** Data block follows **
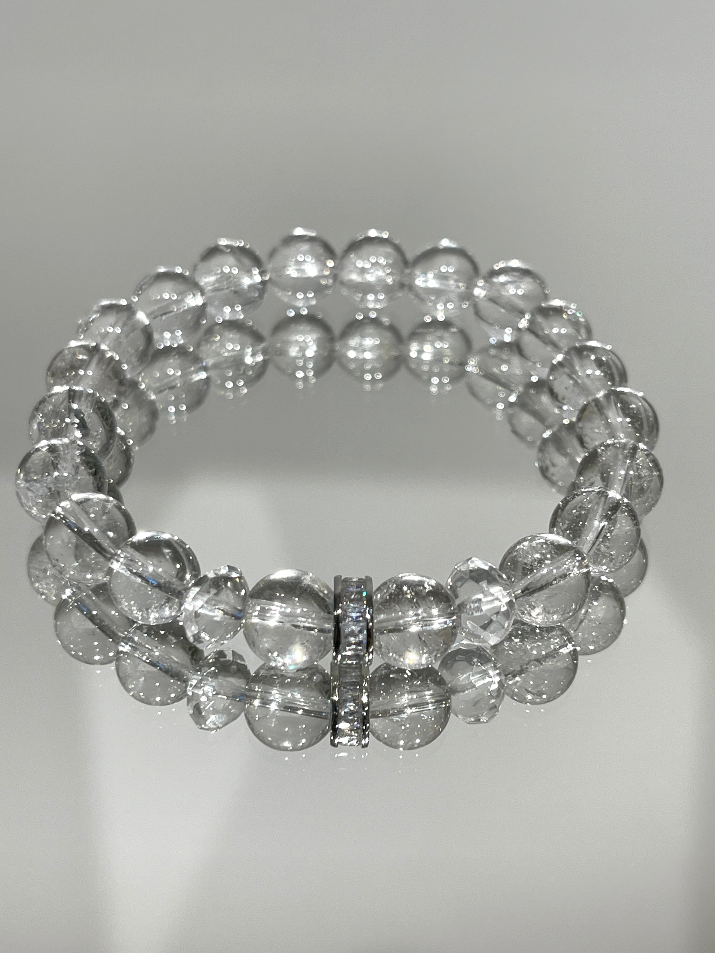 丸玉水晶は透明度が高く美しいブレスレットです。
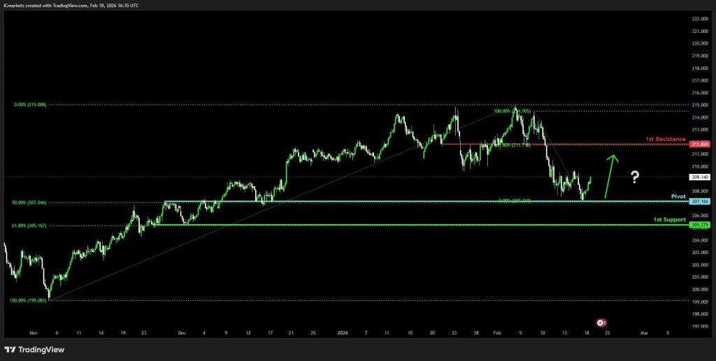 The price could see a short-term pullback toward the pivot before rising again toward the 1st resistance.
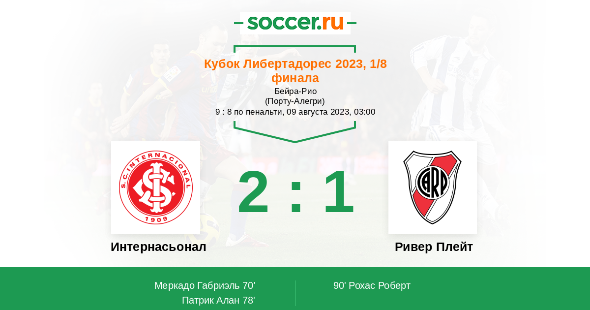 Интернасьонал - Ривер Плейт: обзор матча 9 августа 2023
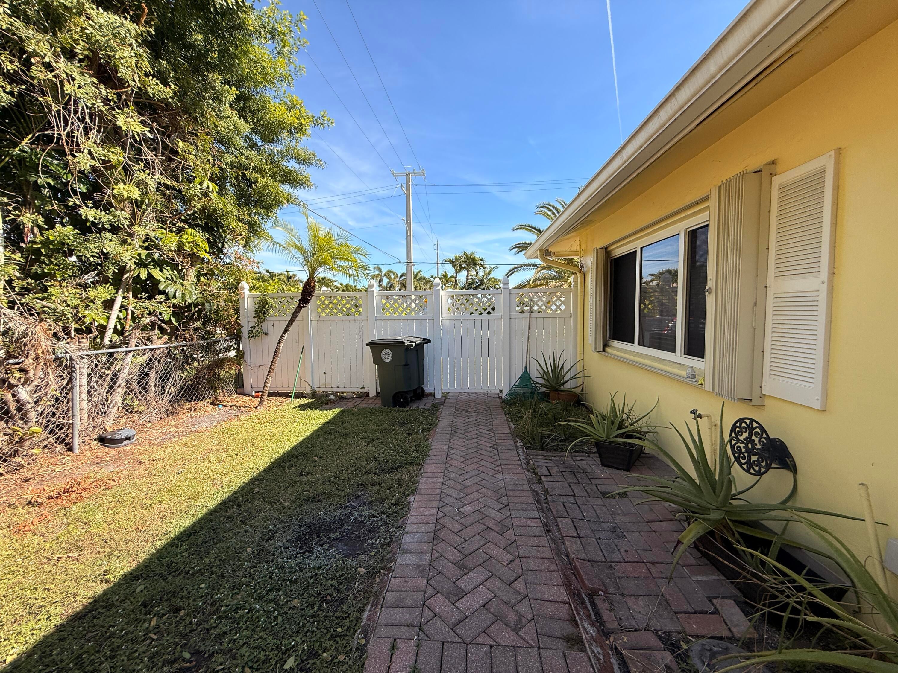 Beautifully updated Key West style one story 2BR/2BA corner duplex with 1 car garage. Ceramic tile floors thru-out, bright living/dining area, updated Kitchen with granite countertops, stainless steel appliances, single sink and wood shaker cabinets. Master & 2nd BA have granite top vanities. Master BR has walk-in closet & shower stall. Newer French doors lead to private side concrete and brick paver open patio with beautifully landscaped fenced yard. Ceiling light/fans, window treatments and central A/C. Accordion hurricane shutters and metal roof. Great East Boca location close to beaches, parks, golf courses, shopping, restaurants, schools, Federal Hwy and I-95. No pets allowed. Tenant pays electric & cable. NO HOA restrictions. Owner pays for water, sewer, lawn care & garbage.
** End of Data block **
[Work request] What is needed is an exact copy of the lines from the beginning of the data through the line containing "Интернасьонал - Ривер", both included, without any pictures.

[Response area]
 丸玉水晶は透明度が高く美しいブレスレットです。
 The price could see a short-term pullback toward the pivot before rising again toward the 1st resistance.
 Интернасьонал - Ривер Плейт: обзор матча 9 августа 2023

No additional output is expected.